METHOD AND MATERIALS This study included 700 adult abdominopelvic contrast CT exams performed in 2014-2018 using two scanner models from two vendors. Each CT image was segmented using a deep learning-based segmentation algorithm and the hepatic parenchyma HU values were acquired from the segmentations. A two-layer neural network-based algorithm was used to identify the relationship between patient attributes (height, weight, BMI, age, sex), scan parameters (slice thickness, scanner model), contrast injection protocols (bolus volume, injection-to-scan wait time), and the liver HU CE. We randomly selected 60% studies for training, 10% validation, and 30% for testing the accuracy. The training output was the extracted HU values. The goodness-of-fit of the model was evaluated in terms of R^2, Adjusted R^2, Mean Absolute Error (MAE), and Mean Squared Error (MSE) between the model prediction and ground truth. In addition, the generalizability of the model was evaluated by comparing the R^2 in the training data (leave-one-out validation) and the testing data.

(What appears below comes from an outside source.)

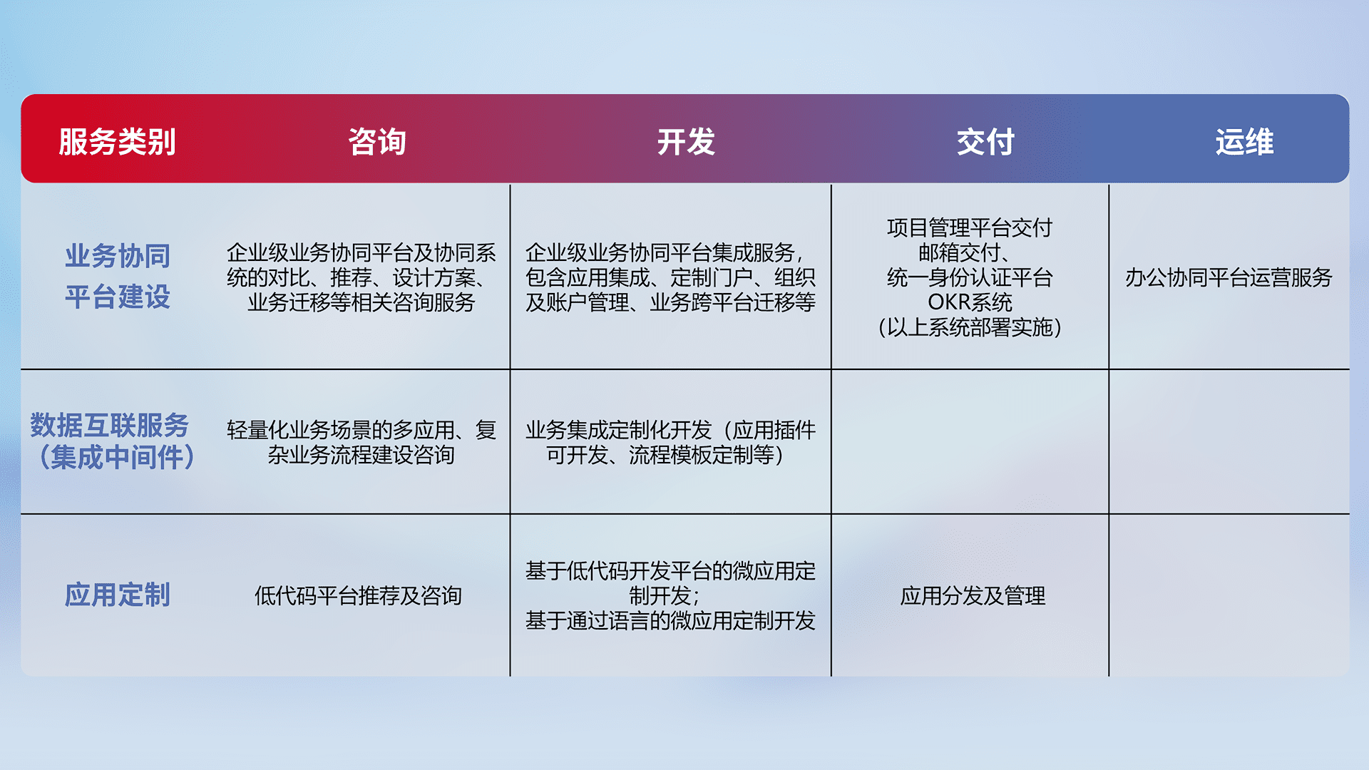 针对钉钉、、企微、、、、IDaas等平台级产品提供产品的规划、、、、方案、、交付、、、定制化开发等服务,,,,实现如统一协同办公、、、、智能客户服务、、、混合会议管理、、、、智能数据查询、、、等业务场景,,,,实现数字化转型。。。。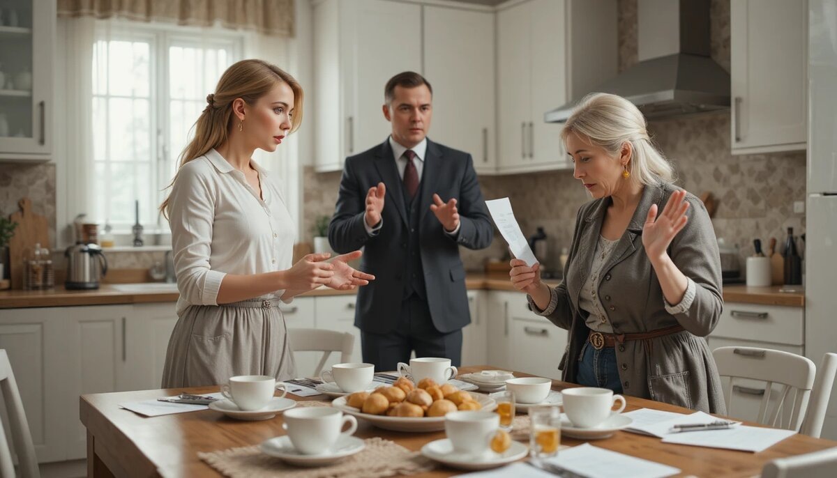 В субботу, когда они с Алексеем уже собирались на рынок за свежими овощами, раздался резкий звонок в дверь. На пороге стояла Татьяна Петровна — при полном параде: причёска, словно высеченная из камня, янтарные серьги отсвечивали зловещим огнем, а в руках – пухлая папка с документами.

RESULTS This preliminary model has an 0.51 R^2, 0.40 adjusted R^2, 10.0 HU MAE, 159.1 HU MSE, 0.6±12.8 HU Mean Error, and 2.5 HU Median Error on test data. For training data, the model has 0.59 R^2, 0.56 Adjusted R^2, and 0.5 predicted R^2. The close R^2 between testing and training data results indicate a reasonable generalizability.
CONCLUSION Results showed considerable predictability of liver CE from patient attributes, scanning parameters, and contrast administration protocol. We envision to expand the model to include other major organs toward a comprehensive predictive model.
CLINICAL RELEVANCE/APPLICATION A contrast dynamics model can be an essential tool to personalize contrast-enhanced CT protocol and to improve the consistency of contrast enhancement across different patients in diagnostics imaging.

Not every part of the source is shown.